▶ [Data]:
**********

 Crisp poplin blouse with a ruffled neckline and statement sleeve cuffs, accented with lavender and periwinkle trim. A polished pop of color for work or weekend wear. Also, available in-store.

**********

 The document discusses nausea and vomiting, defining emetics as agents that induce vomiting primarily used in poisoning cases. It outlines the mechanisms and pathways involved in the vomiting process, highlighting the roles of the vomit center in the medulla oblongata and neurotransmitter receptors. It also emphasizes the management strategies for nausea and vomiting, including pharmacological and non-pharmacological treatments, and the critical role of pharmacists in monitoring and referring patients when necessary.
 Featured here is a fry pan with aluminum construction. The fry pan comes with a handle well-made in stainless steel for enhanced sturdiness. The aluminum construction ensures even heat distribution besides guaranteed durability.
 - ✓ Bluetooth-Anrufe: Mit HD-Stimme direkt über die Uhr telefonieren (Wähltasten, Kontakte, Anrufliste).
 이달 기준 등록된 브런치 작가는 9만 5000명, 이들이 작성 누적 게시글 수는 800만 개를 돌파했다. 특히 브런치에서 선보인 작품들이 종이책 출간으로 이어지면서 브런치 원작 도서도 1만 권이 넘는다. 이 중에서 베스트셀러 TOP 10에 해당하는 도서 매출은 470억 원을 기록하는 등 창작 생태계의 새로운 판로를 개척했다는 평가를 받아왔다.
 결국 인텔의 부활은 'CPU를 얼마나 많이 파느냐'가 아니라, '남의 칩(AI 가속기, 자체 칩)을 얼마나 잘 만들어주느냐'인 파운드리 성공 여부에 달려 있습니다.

**********

▶ [Exercise instructions]:
Copy out each line of the material in which the word "with" turns up.

▶ [Exercise solution]:
 Crisp poplin blouse with a ruffled neckline and statement sleeve cuffs, accented with lavender and periwinkle trim. A polished pop of color for work or weekend wear. Also, available in-store.
 Featured here is a fry pan with aluminum construction. The fry pan comes with a handle well-made in stainless steel for enhanced sturdiness. The aluminum construction ensures even heat distribution besides guaranteed durability.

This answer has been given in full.